DATASET CONTENT |
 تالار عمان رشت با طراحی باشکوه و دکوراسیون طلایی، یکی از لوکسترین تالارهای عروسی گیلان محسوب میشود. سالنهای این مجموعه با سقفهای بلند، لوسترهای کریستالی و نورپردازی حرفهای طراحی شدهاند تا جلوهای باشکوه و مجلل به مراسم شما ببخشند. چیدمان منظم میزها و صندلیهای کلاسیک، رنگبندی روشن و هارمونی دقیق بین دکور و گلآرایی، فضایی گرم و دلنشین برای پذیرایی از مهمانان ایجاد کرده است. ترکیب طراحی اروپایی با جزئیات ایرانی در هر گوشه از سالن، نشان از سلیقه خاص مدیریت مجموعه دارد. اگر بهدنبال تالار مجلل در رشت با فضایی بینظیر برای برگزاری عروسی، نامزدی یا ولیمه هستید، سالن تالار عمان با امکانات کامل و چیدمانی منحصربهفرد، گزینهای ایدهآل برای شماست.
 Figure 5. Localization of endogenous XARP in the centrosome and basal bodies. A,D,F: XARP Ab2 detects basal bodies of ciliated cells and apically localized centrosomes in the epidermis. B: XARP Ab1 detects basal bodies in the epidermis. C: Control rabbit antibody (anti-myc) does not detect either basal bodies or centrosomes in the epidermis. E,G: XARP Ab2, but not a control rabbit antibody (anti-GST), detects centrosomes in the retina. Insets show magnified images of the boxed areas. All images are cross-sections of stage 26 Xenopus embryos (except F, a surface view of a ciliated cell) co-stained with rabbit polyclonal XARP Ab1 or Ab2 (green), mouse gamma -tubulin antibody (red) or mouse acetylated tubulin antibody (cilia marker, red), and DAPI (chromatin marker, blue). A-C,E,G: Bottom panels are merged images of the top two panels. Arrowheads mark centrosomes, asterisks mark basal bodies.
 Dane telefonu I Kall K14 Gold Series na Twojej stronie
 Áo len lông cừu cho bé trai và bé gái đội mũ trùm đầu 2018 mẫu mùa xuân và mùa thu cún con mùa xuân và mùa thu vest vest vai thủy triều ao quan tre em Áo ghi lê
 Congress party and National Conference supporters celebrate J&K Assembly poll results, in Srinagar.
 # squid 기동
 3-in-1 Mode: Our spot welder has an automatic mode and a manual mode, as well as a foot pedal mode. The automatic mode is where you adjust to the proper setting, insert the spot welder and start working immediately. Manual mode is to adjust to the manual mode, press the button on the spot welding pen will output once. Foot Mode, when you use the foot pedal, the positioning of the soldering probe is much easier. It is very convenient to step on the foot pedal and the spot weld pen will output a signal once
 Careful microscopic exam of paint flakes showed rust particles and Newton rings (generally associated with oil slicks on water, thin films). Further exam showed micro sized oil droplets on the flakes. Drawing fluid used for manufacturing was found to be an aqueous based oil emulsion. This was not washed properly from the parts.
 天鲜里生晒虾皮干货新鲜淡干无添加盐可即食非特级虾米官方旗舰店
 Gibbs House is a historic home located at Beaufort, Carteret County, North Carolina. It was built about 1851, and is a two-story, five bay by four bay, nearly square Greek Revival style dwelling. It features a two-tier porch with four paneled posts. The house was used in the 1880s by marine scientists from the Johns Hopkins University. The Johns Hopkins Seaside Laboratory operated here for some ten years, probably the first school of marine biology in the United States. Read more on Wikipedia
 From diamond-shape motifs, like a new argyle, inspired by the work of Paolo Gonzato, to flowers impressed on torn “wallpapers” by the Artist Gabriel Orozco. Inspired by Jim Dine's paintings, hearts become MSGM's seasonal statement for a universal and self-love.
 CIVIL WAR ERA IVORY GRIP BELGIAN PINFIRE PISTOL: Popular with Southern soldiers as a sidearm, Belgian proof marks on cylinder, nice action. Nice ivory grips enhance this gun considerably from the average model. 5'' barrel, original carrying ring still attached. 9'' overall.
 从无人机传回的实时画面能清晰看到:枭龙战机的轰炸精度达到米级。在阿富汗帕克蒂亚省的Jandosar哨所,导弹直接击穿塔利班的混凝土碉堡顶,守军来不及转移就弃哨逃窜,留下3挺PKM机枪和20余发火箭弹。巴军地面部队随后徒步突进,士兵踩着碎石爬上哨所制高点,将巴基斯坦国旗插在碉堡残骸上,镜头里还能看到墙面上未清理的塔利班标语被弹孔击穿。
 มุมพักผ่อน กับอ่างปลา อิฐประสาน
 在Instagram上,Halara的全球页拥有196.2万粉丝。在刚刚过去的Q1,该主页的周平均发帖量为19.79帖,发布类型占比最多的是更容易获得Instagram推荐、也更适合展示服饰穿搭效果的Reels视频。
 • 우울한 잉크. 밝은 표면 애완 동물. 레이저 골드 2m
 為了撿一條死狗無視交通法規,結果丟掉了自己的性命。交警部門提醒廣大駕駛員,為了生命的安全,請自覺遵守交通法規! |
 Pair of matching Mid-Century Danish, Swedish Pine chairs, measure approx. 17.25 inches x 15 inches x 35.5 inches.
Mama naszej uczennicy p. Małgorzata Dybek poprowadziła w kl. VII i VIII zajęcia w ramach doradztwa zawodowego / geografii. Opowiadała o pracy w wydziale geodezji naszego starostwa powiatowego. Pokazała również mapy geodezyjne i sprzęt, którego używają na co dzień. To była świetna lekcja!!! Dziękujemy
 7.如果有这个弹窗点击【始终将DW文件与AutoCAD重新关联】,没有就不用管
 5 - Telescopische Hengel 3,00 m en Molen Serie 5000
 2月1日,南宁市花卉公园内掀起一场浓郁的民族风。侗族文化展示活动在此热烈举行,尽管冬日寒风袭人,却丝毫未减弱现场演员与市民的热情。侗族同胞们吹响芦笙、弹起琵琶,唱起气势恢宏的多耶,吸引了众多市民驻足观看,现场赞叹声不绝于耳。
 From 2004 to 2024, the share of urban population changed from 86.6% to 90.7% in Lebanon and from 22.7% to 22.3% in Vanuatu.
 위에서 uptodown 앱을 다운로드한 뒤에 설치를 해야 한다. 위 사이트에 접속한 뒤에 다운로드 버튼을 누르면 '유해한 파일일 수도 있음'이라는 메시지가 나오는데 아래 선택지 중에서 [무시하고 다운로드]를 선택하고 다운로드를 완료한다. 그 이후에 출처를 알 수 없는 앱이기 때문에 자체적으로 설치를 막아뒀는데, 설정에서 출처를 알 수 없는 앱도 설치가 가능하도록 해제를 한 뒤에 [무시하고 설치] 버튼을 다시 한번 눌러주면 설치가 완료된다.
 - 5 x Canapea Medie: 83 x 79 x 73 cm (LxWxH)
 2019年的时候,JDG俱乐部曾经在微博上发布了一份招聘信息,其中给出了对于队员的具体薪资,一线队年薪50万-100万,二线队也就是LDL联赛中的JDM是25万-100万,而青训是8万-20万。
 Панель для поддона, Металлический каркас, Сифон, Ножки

EXERCISE INSTRUCTIONS | Everything from the line with "2月1日,南宁市花卉公园内掀" through the end of the listing, both ends included, needs to be transcribed exactly, with no other lines.

SOLUTION TO THE PROBLEM |
 2月1日,南宁市花卉公园内掀起一场浓郁的民族风。侗族文化展示活动在此热烈举行,尽管冬日寒风袭人,却丝毫未减弱现场演员与市民的热情。侗族同胞们吹响芦笙、弹起琵琶,唱起气势恢宏的多耶,吸引了众多市民驻足观看,现场赞叹声不绝于耳。
 From 2004 to 2024, the share of urban population changed from 86.6% to 90.7% in Lebanon and from 22.7% to 22.3% in Vanuatu.
 위에서 uptodown 앱을 다운로드한 뒤에 설치를 해야 한다. 위 사이트에 접속한 뒤에 다운로드 버튼을 누르면 '유해한 파일일 수도 있음'이라는 메시지가 나오는데 아래 선택지 중에서 [무시하고 다운로드]를 선택하고 다운로드를 완료한다. 그 이후에 출처를 알 수 없는 앱이기 때문에 자체적으로 설치를 막아뒀는데, 설정에서 출처를 알 수 없는 앱도 설치가 가능하도록 해제를 한 뒤에 [무시하고 설치] 버튼을 다시 한번 눌러주면 설치가 완료된다.
 - 5 x Canapea Medie: 83 x 79 x 73 cm (LxWxH)
 2019年的时候,JDG俱乐部曾经在微博上发布了一份招聘信息,其中给出了对于队员的具体薪资,一线队年薪50万-100万,二线队也就是LDL联赛中的JDM是25万-100万,而青训是8万-20万。
 Панель для поддона, Металлический каркас, Сифон, Ножки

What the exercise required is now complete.